WHAT THIS TASK INVOLVES: Verbatim copy without images: return all of the data as it stands.

INFORMATION SHOWN:
↓↓↓

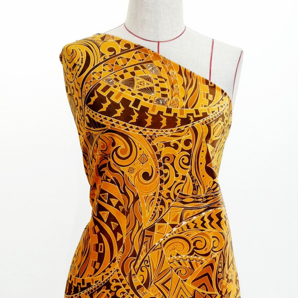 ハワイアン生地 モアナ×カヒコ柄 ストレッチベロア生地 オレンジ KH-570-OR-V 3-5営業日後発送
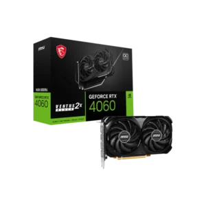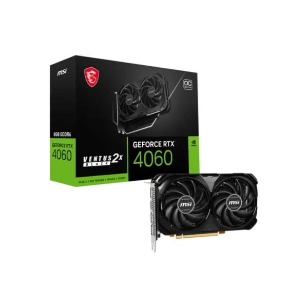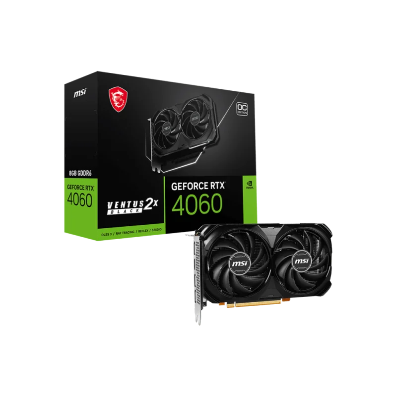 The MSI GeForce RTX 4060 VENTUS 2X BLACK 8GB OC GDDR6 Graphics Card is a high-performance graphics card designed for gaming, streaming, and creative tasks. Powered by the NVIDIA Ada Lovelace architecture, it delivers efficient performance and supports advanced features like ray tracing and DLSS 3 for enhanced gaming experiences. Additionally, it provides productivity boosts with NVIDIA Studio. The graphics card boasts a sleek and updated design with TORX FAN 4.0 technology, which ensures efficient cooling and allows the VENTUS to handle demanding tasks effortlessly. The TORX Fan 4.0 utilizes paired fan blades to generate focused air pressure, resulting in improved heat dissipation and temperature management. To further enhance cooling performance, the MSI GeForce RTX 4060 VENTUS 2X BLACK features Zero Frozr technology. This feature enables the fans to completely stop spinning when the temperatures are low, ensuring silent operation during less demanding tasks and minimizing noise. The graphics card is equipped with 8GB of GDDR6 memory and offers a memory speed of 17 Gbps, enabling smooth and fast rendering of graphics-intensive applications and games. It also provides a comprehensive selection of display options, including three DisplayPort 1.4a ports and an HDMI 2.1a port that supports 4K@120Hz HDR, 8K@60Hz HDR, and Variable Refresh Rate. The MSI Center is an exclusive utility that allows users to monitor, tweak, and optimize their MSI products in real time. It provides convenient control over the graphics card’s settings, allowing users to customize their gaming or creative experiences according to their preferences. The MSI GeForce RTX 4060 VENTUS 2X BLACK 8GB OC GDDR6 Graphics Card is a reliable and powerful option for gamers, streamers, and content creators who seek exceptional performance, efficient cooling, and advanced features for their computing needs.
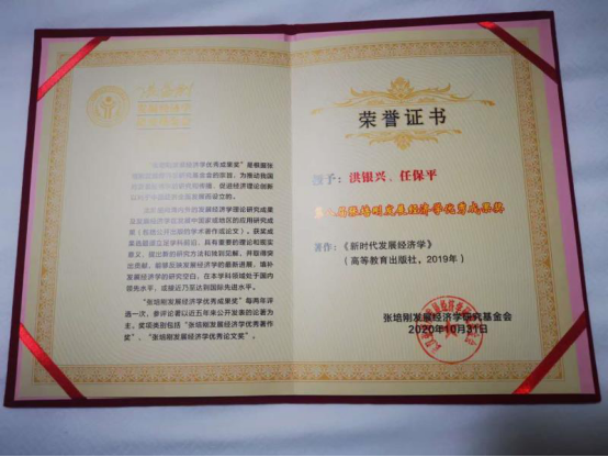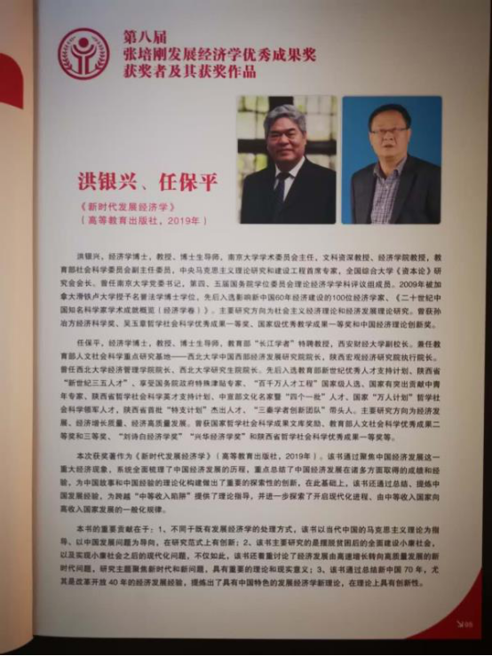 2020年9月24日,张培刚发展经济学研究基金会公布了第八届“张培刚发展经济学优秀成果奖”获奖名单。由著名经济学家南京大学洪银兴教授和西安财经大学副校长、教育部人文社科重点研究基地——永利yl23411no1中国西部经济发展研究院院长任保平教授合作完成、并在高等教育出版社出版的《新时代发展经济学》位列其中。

↑↑↑

ANSWER TO THIS TASK:
 ハワイアン生地 モアナ×カヒコ柄 ストレッチベロア生地 オレンジ KH-570-OR-V 3-5営業日後発送
 The MSI GeForce RTX 4060 VENTUS 2X BLACK 8GB OC GDDR6 Graphics Card is a high-performance graphics card designed for gaming, streaming, and creative tasks. Powered by the NVIDIA Ada Lovelace architecture, it delivers efficient performance and supports advanced features like ray tracing and DLSS 3 for enhanced gaming experiences. Additionally, it provides productivity boosts with NVIDIA Studio. The graphics card boasts a sleek and updated design with TORX FAN 4.0 technology, which ensures efficient cooling and allows the VENTUS to handle demanding tasks effortlessly. The TORX Fan 4.0 utilizes paired fan blades to generate focused air pressure, resulting in improved heat dissipation and temperature management. To further enhance cooling performance, the MSI GeForce RTX 4060 VENTUS 2X BLACK features Zero Frozr technology. This feature enables the fans to completely stop spinning when the temperatures are low, ensuring silent operation during less demanding tasks and minimizing noise. The graphics card is equipped with 8GB of GDDR6 memory and offers a memory speed of 17 Gbps, enabling smooth and fast rendering of graphics-intensive applications and games. It also provides a comprehensive selection of display options, including three DisplayPort 1.4a ports and an HDMI 2.1a port that supports 4K@120Hz HDR, 8K@60Hz HDR, and Variable Refresh Rate. The MSI Center is an exclusive utility that allows users to monitor, tweak, and optimize their MSI products in real time. It provides convenient control over the graphics card’s settings, allowing users to customize their gaming or creative experiences according to their preferences. The MSI GeForce RTX 4060 VENTUS 2X BLACK 8GB OC GDDR6 Graphics Card is a reliable and powerful option for gamers, streamers, and content creators who seek exceptional performance, efficient cooling, and advanced features for their computing needs.
 2020年9月24日,张培刚发展经济学研究基金会公布了第八届“张培刚发展经济学优秀成果奖”获奖名单。由著名经济学家南京大学洪银兴教授和西安财经大学副校长、教育部人文社科重点研究基地——永利yl23411no1中国西部经济发展研究院院长任保平教授合作完成、并在高等教育出版社出版的《新时代发展经济学》位列其中。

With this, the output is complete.